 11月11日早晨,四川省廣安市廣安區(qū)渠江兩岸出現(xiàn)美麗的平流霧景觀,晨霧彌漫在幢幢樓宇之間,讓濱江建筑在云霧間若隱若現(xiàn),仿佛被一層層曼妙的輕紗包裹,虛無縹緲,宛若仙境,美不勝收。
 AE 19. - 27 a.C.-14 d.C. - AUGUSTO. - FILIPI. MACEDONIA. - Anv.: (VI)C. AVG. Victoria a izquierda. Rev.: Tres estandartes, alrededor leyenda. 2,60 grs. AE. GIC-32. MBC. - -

_ _ _

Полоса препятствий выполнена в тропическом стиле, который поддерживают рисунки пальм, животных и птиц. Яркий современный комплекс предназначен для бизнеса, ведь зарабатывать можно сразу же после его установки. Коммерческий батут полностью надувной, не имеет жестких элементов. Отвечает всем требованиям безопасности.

_ _ _

■ Description of the task
From the line that has "11月11日早晨,四川省廣安" through the line that has "AE 19. - 27", copy every line exactly as it appears above, and leave out all others.

■ Completed exercise
 11月11日早晨,四川省廣安市廣安區(qū)渠江兩岸出現(xiàn)美麗的平流霧景觀,晨霧彌漫在幢幢樓宇之間,讓濱江建筑在云霧間若隱若現(xiàn),仿佛被一層層曼妙的輕紗包裹,虛無縹緲,宛若仙境,美不勝收。
 AE 19. - 27 a.C.-14 d.C. - AUGUSTO. - FILIPI. MACEDONIA. - Anv.: (VI)C. AVG. Victoria a izquierda. Rev.: Tres estandartes, alrededor leyenda. 2,60 grs. AE. GIC-32. MBC. - -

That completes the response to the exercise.